=== Section Start ===

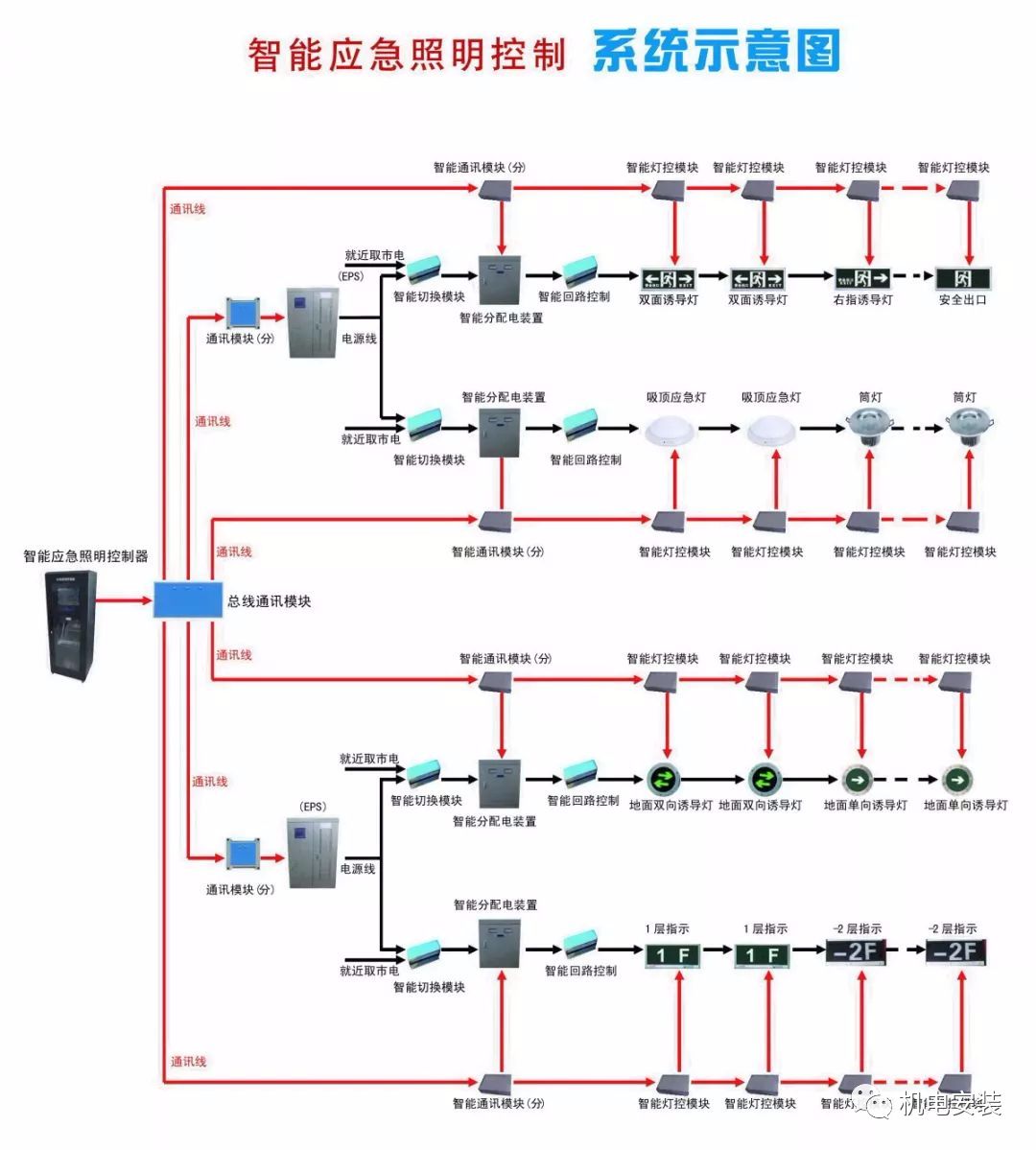 2.非集中控制型系統,是指系統未設置應急照明控制器,由應急照明集中電源或應急照明配電箱分別控制其配接消防應急燈具工作狀態的消防應急照明和疏散指示系統。
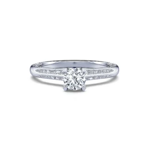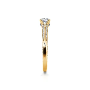 Tan elegante como luminoso, el engaste está pavimentado con diamantes en sus bordes interiores y exteriores, de modo que, tanto de lado como de frente, este solitario siempre está pavimentado de diamantes.
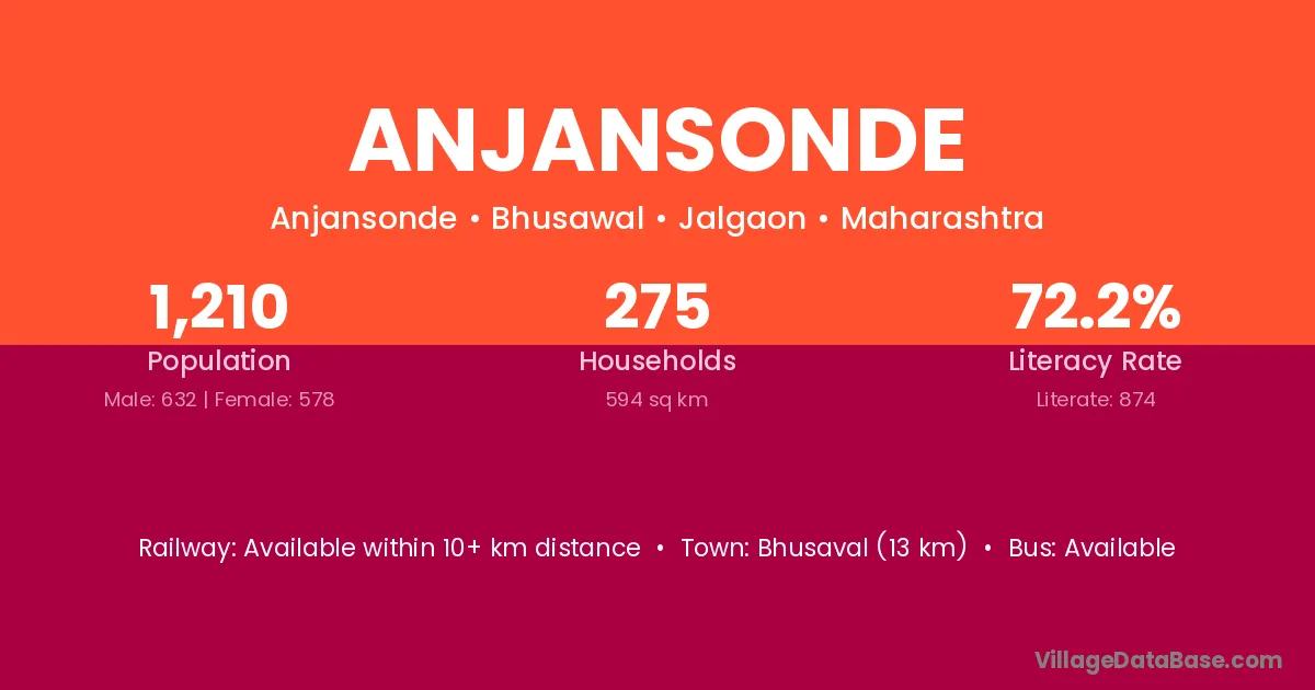 Bhusaval (13 km) is the nearest town to Anjansonde village for major economic activities and is located approximately 13 km away.
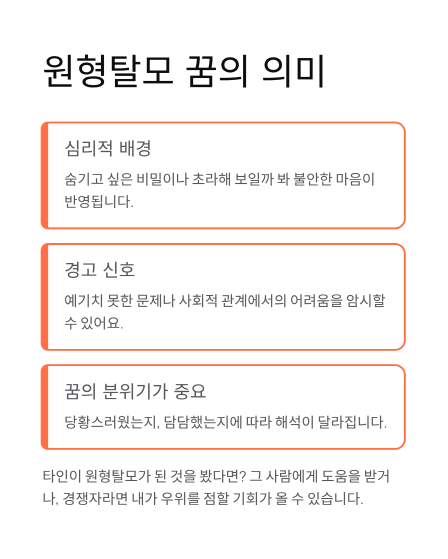 꿈속에서 아예 대머리가 되어버렸거나 부분적으로 휑한 원형탈모 꿈을 꾸었다면, 이는 사회적 이미지의 타격을 우려하는 심리가 강하게 작용하고 있는 거예요. 내가 숨기고 싶은 비밀이 드러날까 봐 걱정하거나, 남들에게 비춰지는 내 모습이 초라해 보일까 봐 불안해할 때 자주 나타나죠. 특히 대머리꿈은 집안에 근심이 생기거나 사업상 예기치 못한 암초를 만날 수 있다는 의미로도 쓰여요.

=== Section End ===

Every line above has to be output exactly; the pictures must be dropped.

• [Finished task]:
 2.非集中控制型系統,是指系統未設置應急照明控制器,由應急照明集中電源或應急照明配電箱分別控制其配接消防應急燈具工作狀態的消防應急照明和疏散指示系統。
 Tan elegante como luminoso, el engaste está pavimentado con diamantes en sus bordes interiores y exteriores, de modo que, tanto de lado como de frente, este solitario siempre está pavimentado de diamantes.
 Bhusaval (13 km) is the nearest town to Anjansonde village for major economic activities and is located approximately 13 km away.
 꿈속에서 아예 대머리가 되어버렸거나 부분적으로 휑한 원형탈모 꿈을 꾸었다면, 이는 사회적 이미지의 타격을 우려하는 심리가 강하게 작용하고 있는 거예요. 내가 숨기고 싶은 비밀이 드러날까 봐 걱정하거나, 남들에게 비춰지는 내 모습이 초라해 보일까 봐 불안해할 때 자주 나타나죠. 특히 대머리꿈은 집안에 근심이 생기거나 사업상 예기치 못한 암초를 만날 수 있다는 의미로도 쓰여요.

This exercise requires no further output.